Business Overview

The Company is a leading provider of state-of-the-art technology solutions for commercial audio-visual solutions. The company specializes in designing and installing systems in the corporate, healthcare and education markets. Sales for 2021 are on track to exceed $4,500,000 with a SDE of $450,000 (after Covid effected 2020 results). The company occupies headquarters and warehouse space in the St. Louis Area. For more information, call Brian Jones at 314.960.6063 or


  • Asking Price: $1,300,000
  • Cash Flow: $86,066
  • Gross Revenue: $3,283,893
  • FF&E: $222,000
  • Inventory: N/A
  • Inventory Included: N/A
  • Established: 1978

Detailed Information

  • Property Owned or Leased:Own
  • Property Included:N/A
  • Building Square Footage:9,600
  • Lot Size:N/A
  • Total Number of Employees:10
  • Furniture, Fixtures and Equipment:N/A
About The Facility:

Building Own 9,600 sq. ft.

Is Support & Training Included:


Purpose For Selling:


Opportunities and Growth:

To Expand Markets & Products

Additional Info

The business was started in 1978, making the business 44 years old.

The company has 10FT/1PT employees and is situated in a building with estimated square footage of 9,600 sq ft.

Why is the Current Owner Selling The Business?

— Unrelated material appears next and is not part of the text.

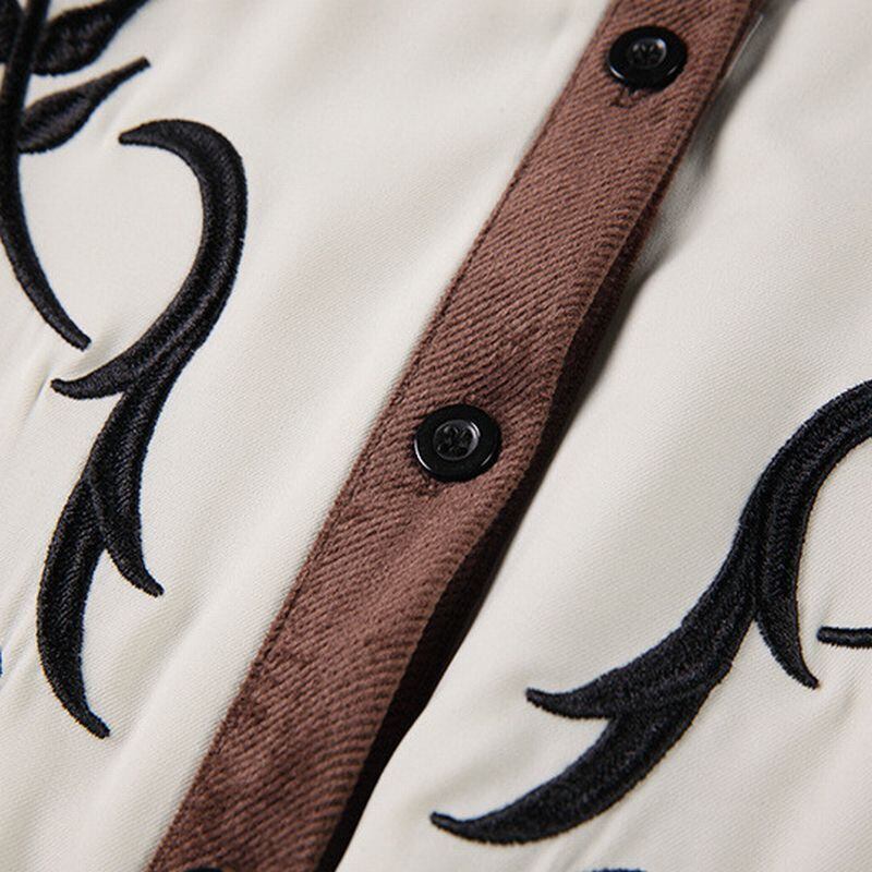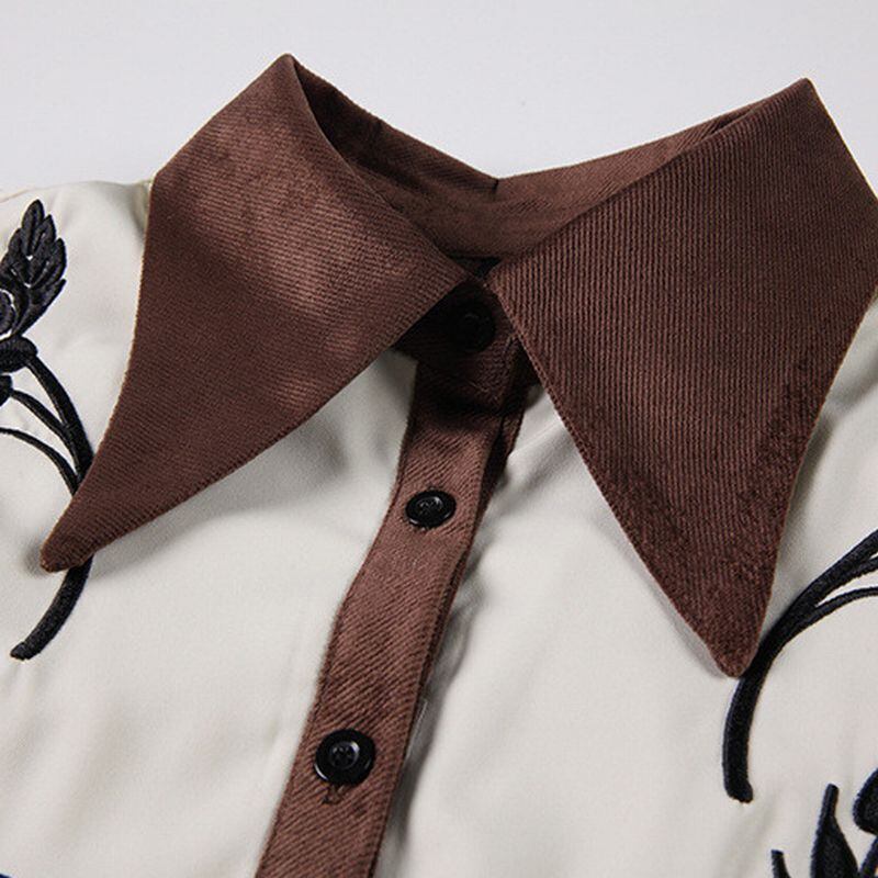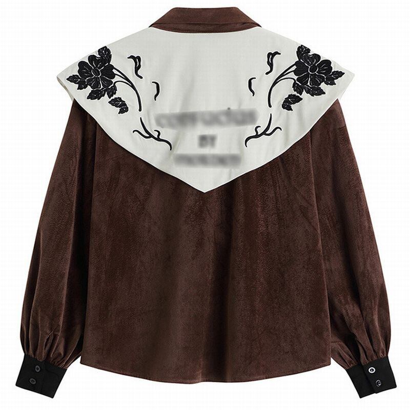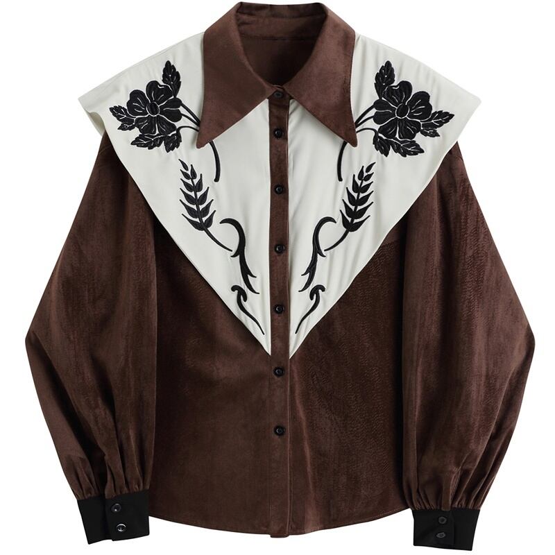 ビッグカラー コーデュロイ 刺繍 薔薇 長袖 シャツ ブラウス *bl405

There are all types of reasons people decide to sell companies. However, the real reason vs the one they tell you might be 2 absolutely different things. As an example, they might say "I have a lot of various obligations" or "I am retiring". For numerous sellers, these factors stand. But also, for some, these might simply be excuses to try to hide the reality of changing demographics, increased competitors, current decrease in earnings, or a variety of various other factors. This is why it is really essential that you not depend entirely on a vendor's word, but instead, use the vendor's answer in conjunction with your general due diligence. This will repaint a more sensible image of the business's present scenario.

Existing Debts and Future Obligations

If the existing entity is in debt, which lots of companies are, then you will certainly need to consider this when valuating/preparing your offer. Many businesses finance loans in order to cover points such as inventory, payroll, accounts payable, and so on. Remember that occasionally this can imply that profit margins are too small. Numerous organisations fall under a revolving door of taking on debt as a way to pay back various other loans. Along with debts, there may likewise be future commitments to take into consideration. There may be an outstanding lease on equipment or the building where the business resides. The business might have existing agreements with suppliers that must be met or might result in fines if terminated early.

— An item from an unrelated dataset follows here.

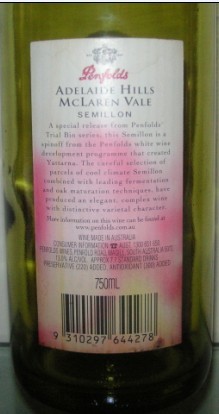 奔富赛美蓉(Penfolds Semillon)1994白酒产自南澳阿德来德山之麦拉伦谷(Adelaide Hills McLaren Vale)。酒厂特意标明Trial Bin(试验出品)和限量低温种植赛美蓉葡萄作为此酒之标榜卖点。酒厂在背标还强调这酒是经过特殊工艺(包括木桶陈酿的精湛技术),勘称是酒厂在酿造白酒领域里的一项重大突破(当然,酒厂的原文表达谦称是“一项副产品而已”)。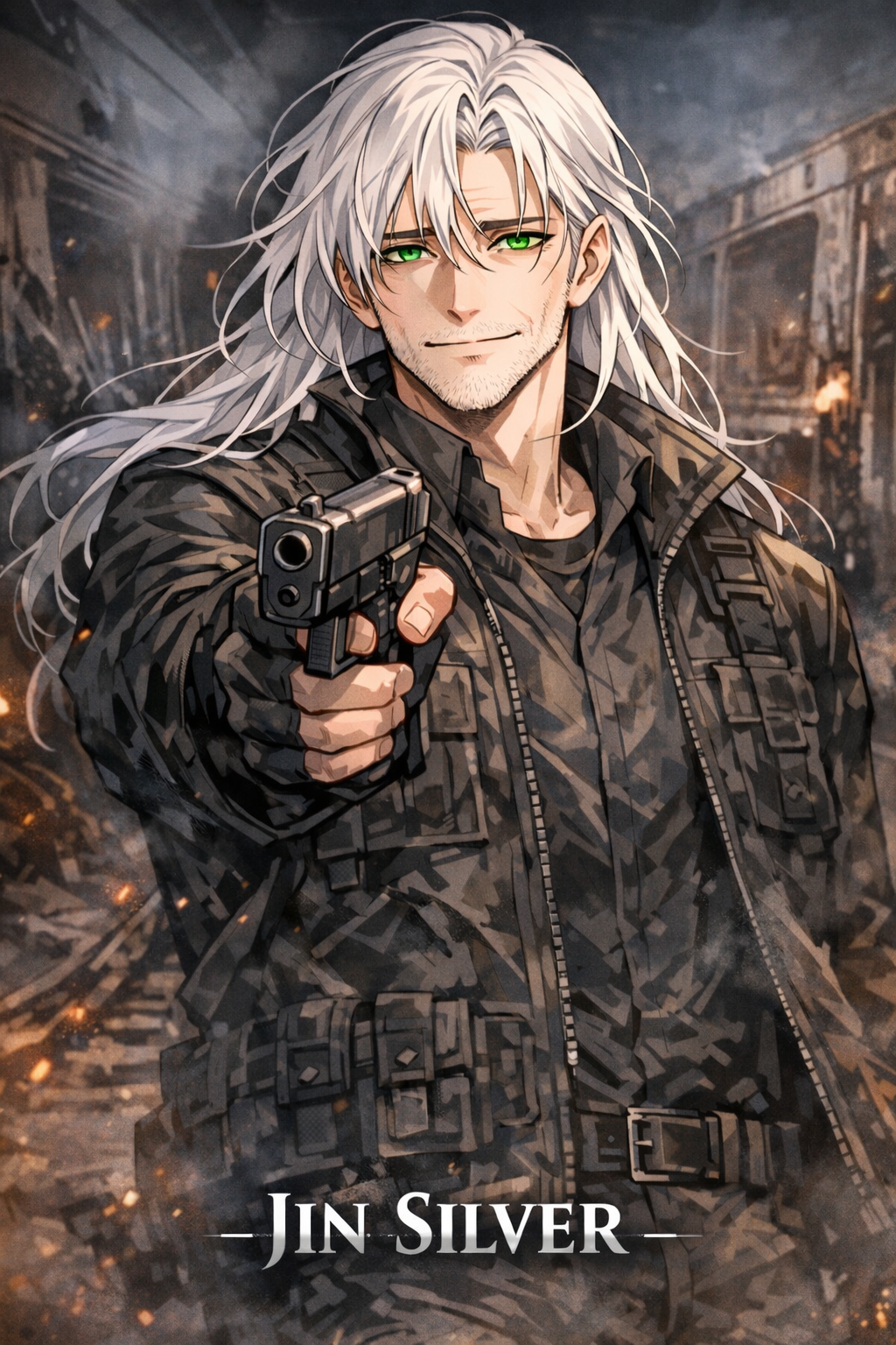 "بشرة برونزية. عيون صفراء زاهية. طول يزيد عن 180 سم. شعر أبيض ناصع طويل بما يكفي ليصل إلى خصرك. ملامح واضحة وجذابة. وتحمل سيفًا."

Understanding the Customer Base, Competition and Area Demographics

Just how do operating businesses in the area draw in new consumers? Often times, businesses have repeat customers, which form the core of their day-to-day profits. Specific variables such as brand-new competition sprouting up around the location, road building and construction, as well as personnel turn over can affect repeat clients as well as adversely affect future profits. One essential thing to consider is the area of the business. Is it in an extremely trafficked shopping center, or is it hidden from the highway? Obviously, the more people that see the business often, the greater the opportunity to construct a returning client base. A final idea is the general location demographics. Is the business placed in a largely inhabited city, or is it situated on the edge of town? Exactly how might the local median family earnings impact future earnings prospects?